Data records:
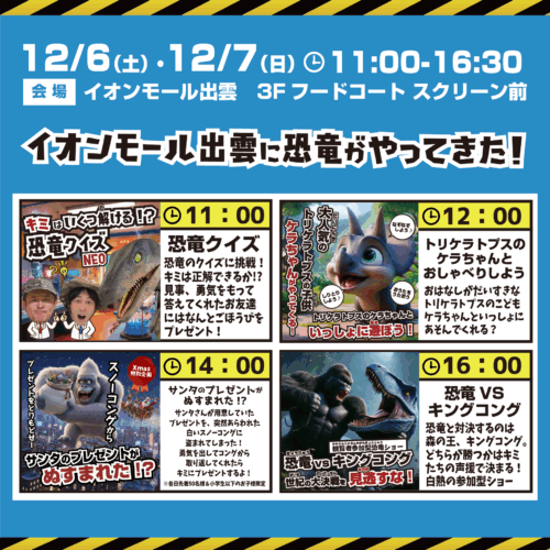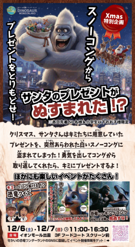 #スノーコング #サンタのプレゼント #クリスマスイベント #イオンモール出雲 #恐竜クイズ #恐竜ショー #家族でおでかけ #せかいの恐竜ワンダーランド #無料イベント
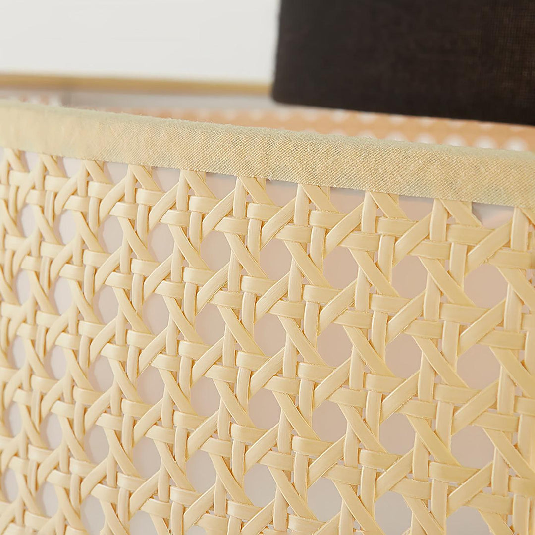 Upgrade your home with our Drum Shade Pendant Light. The retro design features a black linen interior shade surrounded by a rattan shade and a metal frame. The black fabric cord adds a finishing touch. Expertly crafted for a touch of elegance and style.
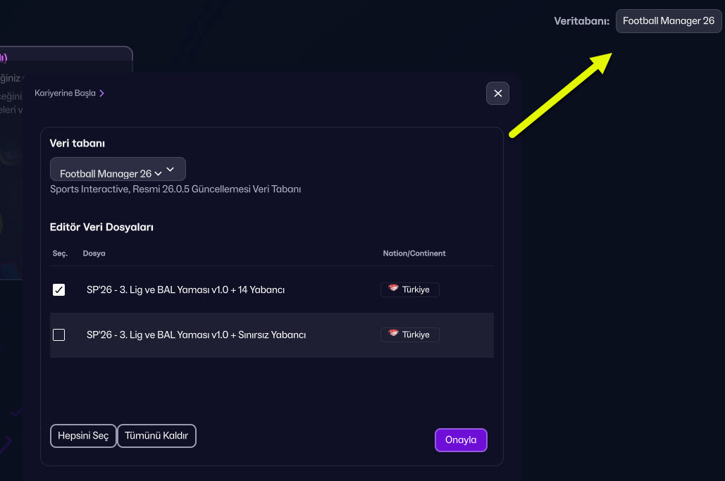 4) Gelen ekranda editör data ekranına attığınız “SP26 – 3.Lig ve BAL Yaması v1.0- 14 Yabancı” seçin.
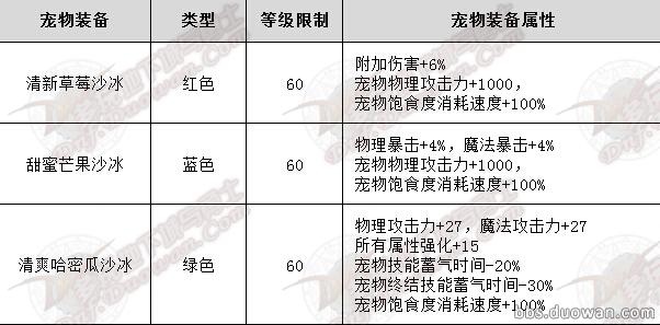 夏日宠物装备属性
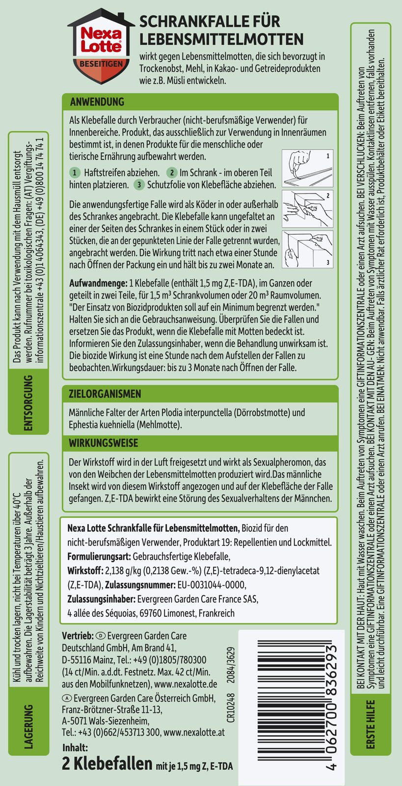 Die Falle ist in einem braunen Farbton gehalten und wird im Zweierpack geliefert. Sie gehört zur Serie „Lebensmittel“ und ist ein praktisches Haushaltsutensil zur Vorbeugung und Bekämpfung von Lebensmittelmottenbefall. Hersteller des Produkts ist die Evergreen Garden Care Deutschland GmbH mit Sitz in Mainz.
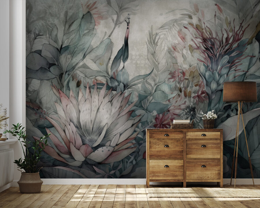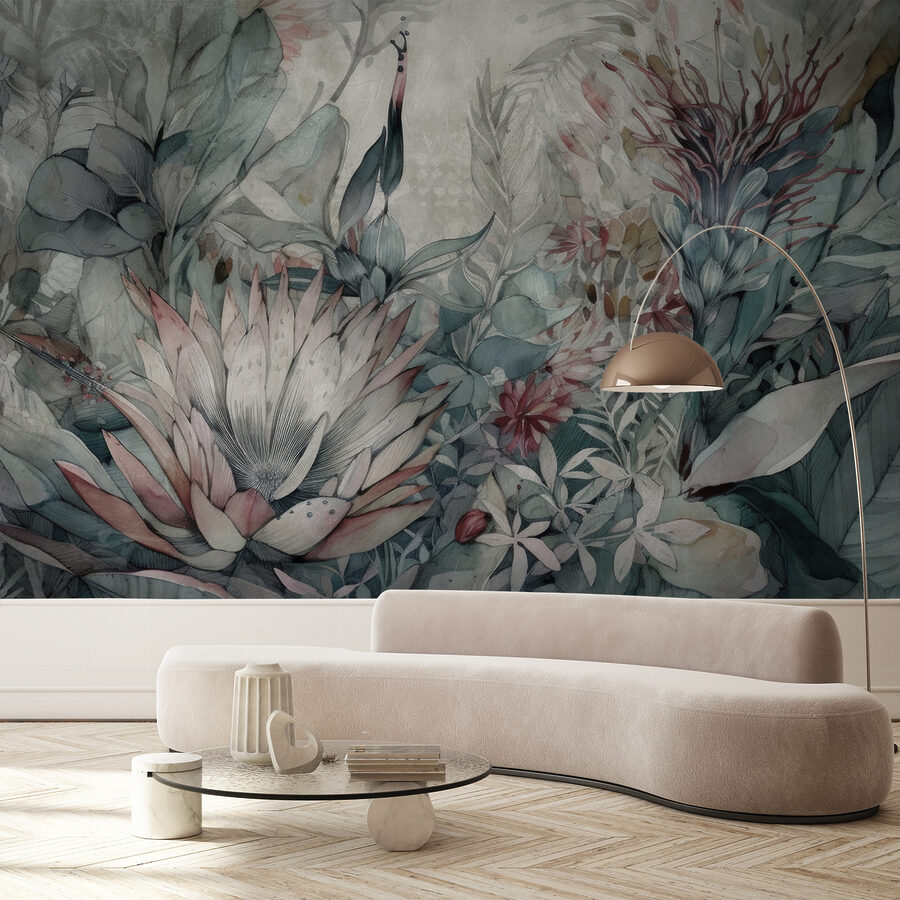 Vstúpte do očarujúceho sna s nástennou maľbou “Jemná kvetinová ilustrácia”. Táto fototapeta je ideálna pre každého, kto miluje nádych rozmarnosti vo svojom interiéri, a prenesie vás priamo do upokojujúcej záhrady v džungli. Predstavte si exotické vtáky a svieže kvety – všetko v jemných, upokojujúcich odtieňoch. Je to ako mať tajný tropický kútik, kde je všetko nežné a pokojné.
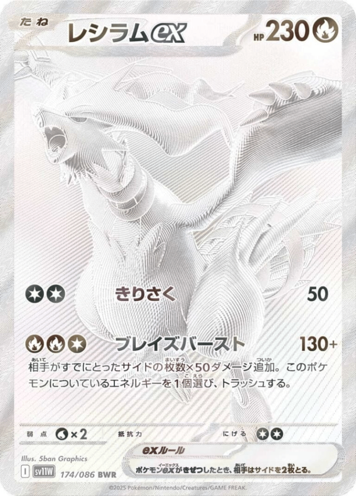 Embora cartas inteiramente douradas sejam comuns, cartas inteiramente de uma cor diferente de dourado são extremamente raras. Não está claro se outros Pokémon lendários dos jogos Pokémon Black and White também receberão uma carta BWR.
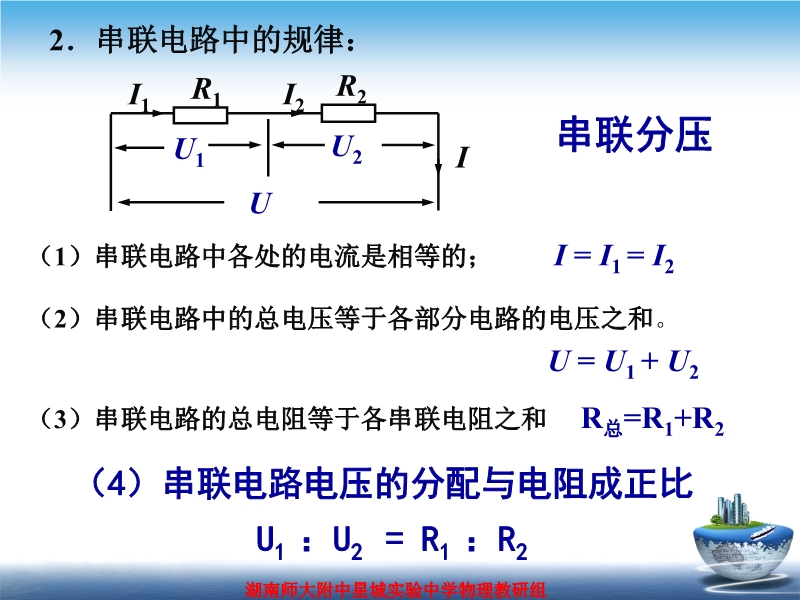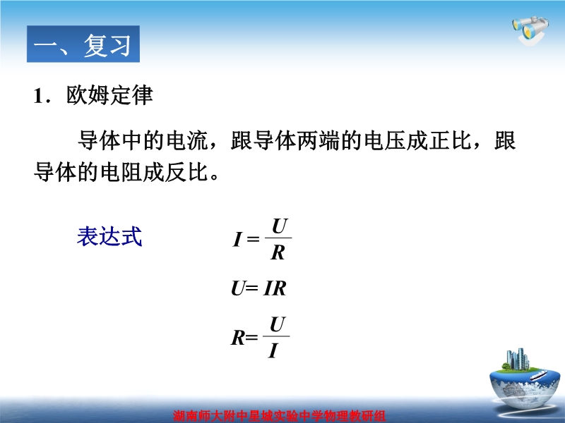 【内容简介】湖南师大附中星城实验中学《第十七章 欧姆定律的应用》ppt习题课,课件首先复习本章主要知识点,而重点是能力的培养,从而下几个方面组织学生复习:运用欧姆定律进行串联电路计算 运用欧姆定律进行并联电路的计算 关于电路变化问题的定性分析(滑动变阻器阻值的变化问题、开关的闭合与断开问题

Instructions for the task –
The required output is a verbatim repetition of the lines from the opening of the entries above through the line containing "Upgrade your home", inclusive, with no pictures and nothing else.

Task answer –
 #スノーコング #サンタのプレゼント #クリスマスイベント #イオンモール出雲 #恐竜クイズ #恐竜ショー #家族でおでかけ #せかいの恐竜ワンダーランド #無料イベント
 Upgrade your home with our Drum Shade Pendant Light. The retro design features a black linen interior shade surrounded by a rattan shade and a metal frame. The black fabric cord adds a finishing touch. Expertly crafted for a touch of elegance and style.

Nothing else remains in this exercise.